Bij drie afzonderlijke brieven van 28 augustus 2017 heeft de stichting de door [appellanten] daartegen gemaakte bezwaren ongegrond verklaard.
Bij uitspraak van 12 december 2018 heeft de rechtbank de door [appellanten] daartegen ingestelde beroepen gegrond verklaard, de als besluiten aangemerkte brieven van 28 augustus 2017 vernietigd, de bezwaren van [appellanten] tegen de drie afzonderlijke brieven van de stichting van 29 maart 2017 niet-ontvankelijk verklaard en bepaald dat de uitspraak in de plaats treedt van de als besluiten aangemerkte brieven van 28 augustus 2017. Deze uitspraak is aangehecht.
Tegen deze uitspraak hebben [appellanten] hoger beroep ingesteld.
De stichting heeft een schriftelijke uiteenzetting gegeven.
[appellanten] en de stichting hebben nadere stukken ingediend.

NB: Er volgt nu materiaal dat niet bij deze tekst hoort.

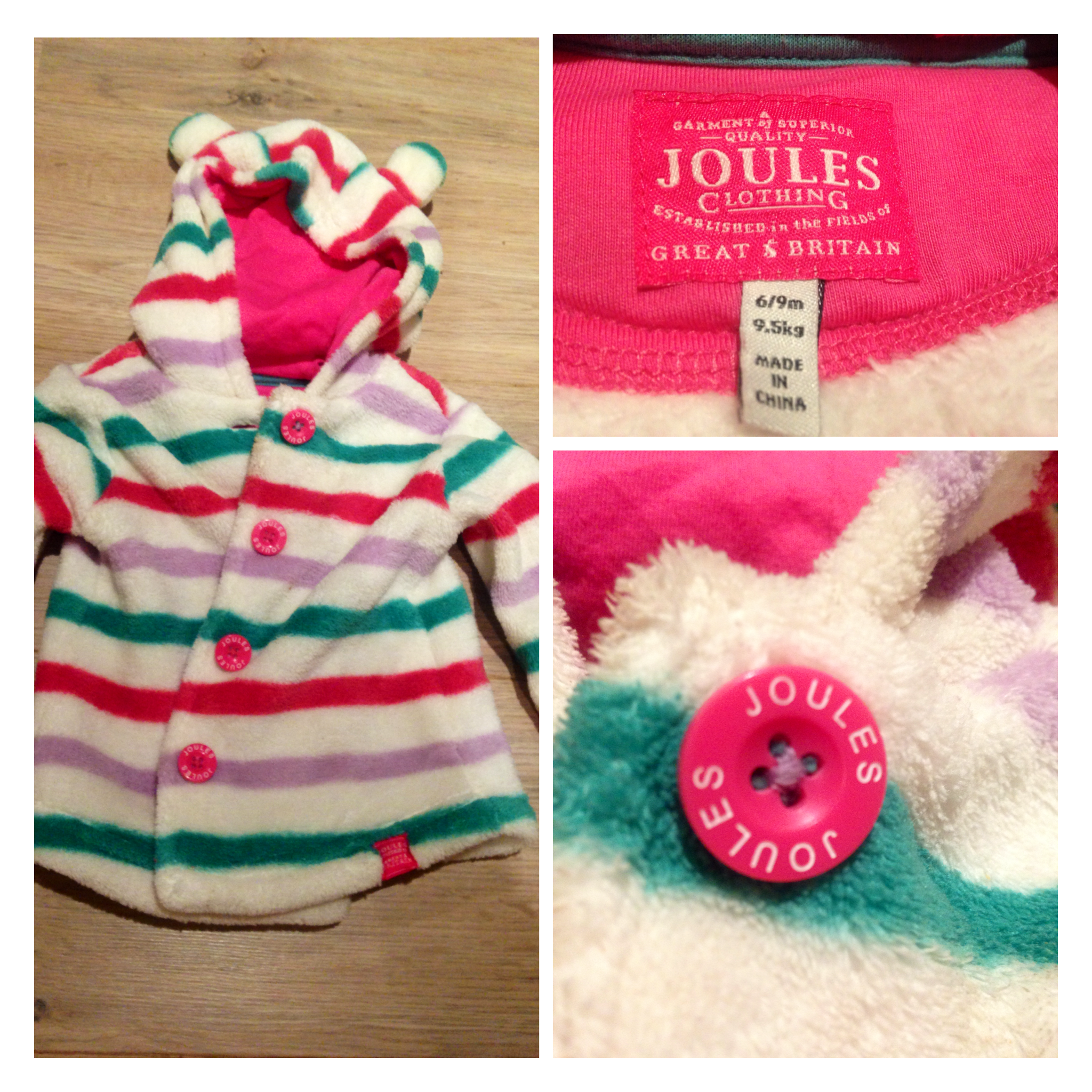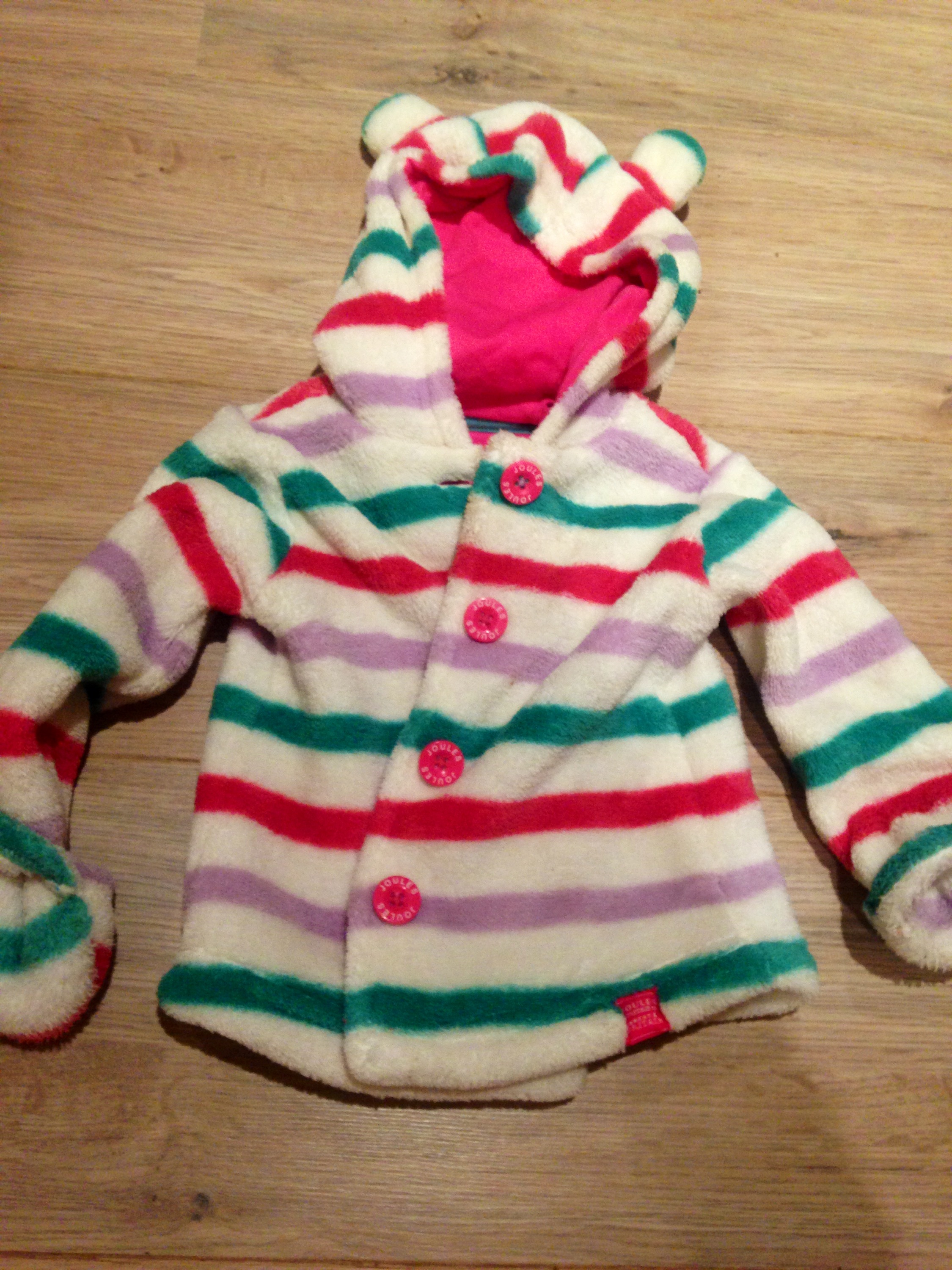 With gorgeous soft fleece fabric, nice pink chunky buttons and cute wee ears on the hood it’s a winner!

De Afdeling heeft de zaak ter zitting behandeld op 25 november 2019, waar [appellanten] en de stichting, vertegenwoordigd door [gemachtigde A], bijgestaan door [gemachtigde B], zijn verschenen.
Overwegingen
Inleiding
1. [appellanten] hebben bij de stichting in 2015 drie verzoeken ingediend waarin zij op grond van de Wob vragen om kennisneming van tal van documenten. Het gaat onder meer om documenten over de klachtenregeling, het managementstatuut, meldingen van misstanden, jaarverslagen, jaarrekeningen, begrotingen, goedkeuring van stukken, bekendmaking van stukken en benoemingsbesluiten.
Regelgeving
2. De relevante bepalingen uit de Algemene wet bestuursrecht (hierna: de Awb), de Wob, de Wet op het primair onderwijs (hierna: de Wpo), de Wet op het voortgezet onderwijs (hierna: de Wvo) en Boek 2 van het Burgerlijk Wetboek (hierna: het BW) zijn opgenomen in een bijlage, die deel uitmaakt van deze uitspraak.
Aangevallen uitspraak
3. De rechtbank is [appellanten] niet gevolgd in het betoog dat de brieven van de stichting van 28 augustus 2017 niet kunnen worden aangemerkt als besluiten op bezwaar. Verder heeft de rechtbank overwogen dat geen sprake is van onbevoegd genomen besluiten. De besluiten zijn genomen en ondertekend door [gemachtigde A], directeur-bestuurder Primair Onderwijs. Uit de overgelegde gedingstukken dient te worden afgeleid dat hij per 1 juni 2016 is benoemd in deze functie en dat deze functionaris is belast met het dagelijks bestuur van de stichting en bevoegd is om namens de stichting besluiten te nemen. Van onbevoegde benoeming van [gemachtigde A] is niet gebleken.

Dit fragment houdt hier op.